WHAT YOU HAVE TO DO
Repeat the data in full. Drop every picture.

─── SOURCE DATA ───

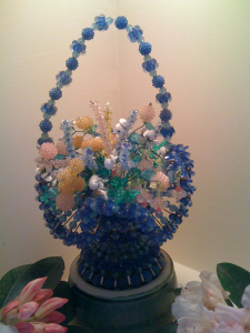 It is not so hard to do this really, although I was intimidated at first. Find a silver punch bowl, urn, or other container…then place a liner, followed by dirt, then the plants, fill air pockets with more dirt, cover with Spanish moss and add shells if you want and Voila!
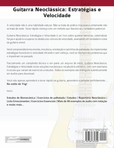 Guitarra Neoclássica: Estratégias e Velocidade A velocidade não é uma habilidade natural. Não se trata de prática irracional e certamente não se trata de sorte. Tocar rápido começa com um método que liberará seu verdadeiro potencial. Guitarra Neoclássica: Estratégias e Velocidade é um livro sobre quebrar barreiras, sistematizar forças e ajudá-lo a superar os obstáculos comuns da velocidade, analisando um verdadeiro ícone da guitarra shred. Você compreenderá movimento, mecânica, orientação e caminhos de palhetada. Ao implementar estratégias favoráveis à velocidade eficiente e sem esforço, você se libertará dos problemas que o impediram no passado. Parcialmente um compêndio técnico e em parte um arquivo de estilo, Guitarra Neoclássica: Estratégias e Velocidade reúne soluções mecânicas e vocabulário estilístico, com cem exemplos musicais que variam de exercícios a estudos. Todos os exemplos são entregues autenticamente em áudios para download. Você não apenas aprenderá a tocar rápido na guitarra, aprenderá a palhetar perfeitamente... No estilo de Yng! Inclui: Estudos de Biomecânica Exercícios de palhetada Estudos Repertório Neoclássico Licks Emocionantes Exercícios Essenciais Mais de 90 exemplos de áudio com notação e muito mais...
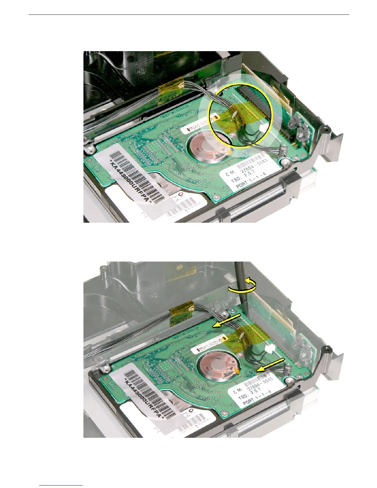6. WIth a black stick or other nonconductive tool, pry the hard drive off the connector on

───

REPLY TO THE EXERCISE
 It is not so hard to do this really, although I was intimidated at first. Find a silver punch bowl, urn, or other container…then place a liner, followed by dirt, then the plants, fill air pockets with more dirt, cover with Spanish moss and add shells if you want and Voila!
 Guitarra Neoclássica: Estratégias e Velocidade A velocidade não é uma habilidade natural. Não se trata de prática irracional e certamente não se trata de sorte. Tocar rápido começa com um método que liberará seu verdadeiro potencial. Guitarra Neoclássica: Estratégias e Velocidade é um livro sobre quebrar barreiras, sistematizar forças e ajudá-lo a superar os obstáculos comuns da velocidade, analisando um verdadeiro ícone da guitarra shred. Você compreenderá movimento, mecânica, orientação e caminhos de palhetada. Ao implementar estratégias favoráveis à velocidade eficiente e sem esforço, você se libertará dos problemas que o impediram no passado. Parcialmente um compêndio técnico e em parte um arquivo de estilo, Guitarra Neoclássica: Estratégias e Velocidade reúne soluções mecânicas e vocabulário estilístico, com cem exemplos musicais que variam de exercícios a estudos. Todos os exemplos são entregues autenticamente em áudios para download. Você não apenas aprenderá a tocar rápido na guitarra, aprenderá a palhetar perfeitamente... No estilo de Yng! Inclui: Estudos de Biomecânica Exercícios de palhetada Estudos Repertório Neoclássico Licks Emocionantes Exercícios Essenciais Mais de 90 exemplos de áudio com notação e muito mais...
6. WIth a black stick or other nonconductive tool, pry the hard drive off the connector on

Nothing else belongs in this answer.